Thanks for letting us know Tom’s investigating , I was planning on spending more time on it today!

MakeDeck · June 18, 2014, 7:54am

As it turns out, the Imp currently does not support playback of signed 16 bit PCM files. Tom filed a feature request to get this added, since it will encode signed 16 bit files. Until that is completed, the AT&T API won’t work. There is another API called ReadSpeaker that will output A-Law compressed files, and those will work. The AT&T API is pretty sweet, so hopefully that feature is soon added.

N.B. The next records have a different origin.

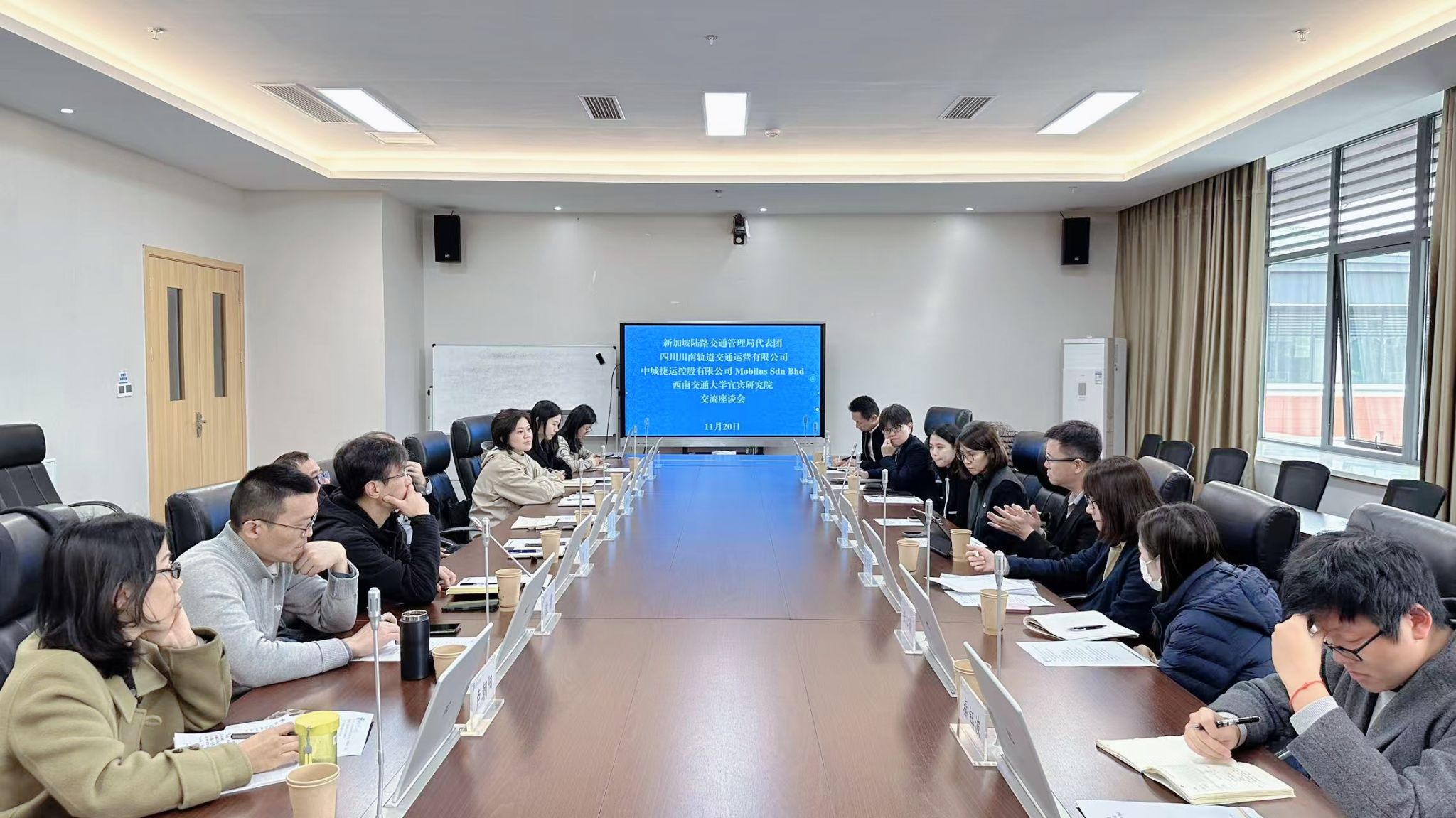 11月20日下午,新加坡陆路交通管理局代表团来宜宾西南交通大学研究院访问交流。双方就城市快速公交系统的建设与运营等问题开展了深入的探讨与交流。川南轨道公司董事长李树培、总经理李洁,宜宾西南交通大学研究院院长王鹰、副院长罗霄以及中城捷运控股有限公司的代表参与了交流座谈。
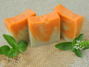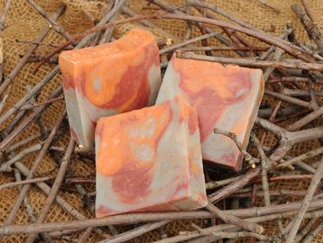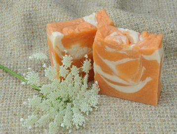 Base oils: Olive, Coconut, Palm. Scented with sweet orange essential oil and orange fragrance.
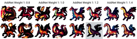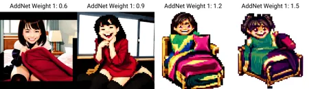 다소 복잡한 이미지의 경우, 가중치(0.6에서 1.5 사이)에 따라 "픽셀화된 상태"에서부터 "픽셀 인형 같은 상태"까지 다양한 효과를 낼 수 있습니다 (참고 이미지 참조).

hugo · June 18, 2014, 2:22pm

The other way to do it is to use the agent to change the PCM files from signed to unsigned…

back_ache · June 19, 2014, 2:01am

How about using a webservice to convert the soundfile for you? google suggested https://cloudconvert.org/

jwehr · June 21, 2014, 2:53pm

I tried ReadSpeaker, which works fine, but you get a VERY limited demo account. I had a Lala board set up to tell say random things to me, but no more credits! I guess I’ll look into conversion.

back_ache · June 23, 2014, 8:31am

Or how about hosting an instance of espeak or other open-source TTS ?

http://www.babelfish.org/tts-free.htm

MakeDeck · June 23, 2014, 10:26am

I did some work with Cloud Convert, which might actually have some interesting uses for the Imp. You can convert wav to wav, but I don’t seen any options about changing the data from signed to unsigned.

It might be worth hosting one of those… we are still working on the Pix API though.